Let's stick with the 128 Tesla K80 GPUs, though. Each has 8.74 FP32 TFLOPS, for a combined 1,120 TFLOPS per rack. Or if you want FP64, you'd drop down to 373 TFLOPS. There's a problem with stuffing that many GPUs into a rack, of course: you still need to provide power and cooling. Just how much power does the GPUltima require? We were told that the typical power use under load for the system sits at around 5000W, though peak power use can jump a bit higher. Each 3U rack comes equipped with three 3000W 240V PSUs (one for redundancy), so a data center needs to be able to supply over 50kW per rack, with 76kW being "safe." The good news is it can also roast marshmallows and hot dogs if you're hungry. (Not really.)
Nvidia's upcoming DGX-1 server with eight Telsa P100 Pascal GPUs can provide up to 170 TFLOPS of performance in a 3U chassis, and with 12 of those in a rack, 2035 TFLOPS per rack. Of course, that's FP16 TFLOPS, so if you need FP32 precision you're looking at 1017 TFLOPS, or 509 TFLOPS for FP64. Using the existing K80, GPUltima is slightly faster on FP32 per rack, but slower on FP64. Perhaps more importantly for the Tesla P100, peak power use should be significantly lower than K80, meaning a full rack of twelve DGX-1 servers should only need around 30-40kW.
If you're wondering what anyone would do with all of those GPUs, they're looking at things like artificial intelligence, weather systems, and other supercomputing tasks.
Let's end with a fun fact: Did you know there's an estimate for how much computing power it would require to simulate a human?
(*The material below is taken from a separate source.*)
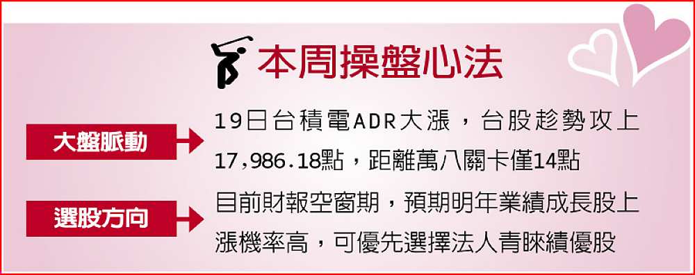 台股受惠美股翻揚上漲,也朝「萬八」目標前進,上周前四個交易日均以「小碎步」方式向前邁進,直至19日又趁台積電ADR大漲3.64%的勢頭,一舉攻至17,986.18點,距離「萬八」重要心理關卡僅剩14點,距離18,034點歷史高點也不到50點。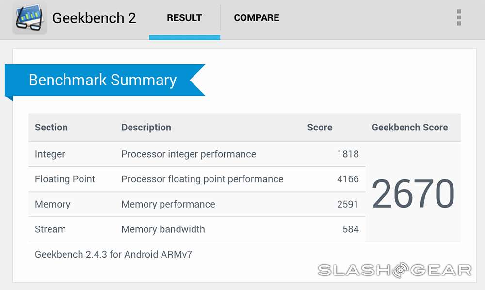 Then comes the Geekbench. This is Geekbench 2, a test that's also available on desktop machines and Android devices. Have an iPad mini handy? Have a peek at how it performs and see how well this much higher-definition device does against it. Fight!

Well, there is, though opinions differ by several orders of magnitude. Some estimate it's around 10^16 FLOPS (Kurzweil), but let's just make it interesting and aim a bit higher, like 10^18 FLOPS. That might not mean too much to you, so let's express it as another term: 1 exa-FLOPS (EFLOPS). With up to 2 PFLOPS per rack, DGX-1 would allow us to stuff 1 EFLOPS into 512 racks. Then we just need the right software to make it all work properly. And all of that would only need 15-20MW of power to run, compared with our little brains humming along on just 20W or so of power.
In other words, our fastest modern super computers might not run Crysis, but they're fully capable of playing Crysis. Which is pretty awesome...and perhaps more than a little bit scary.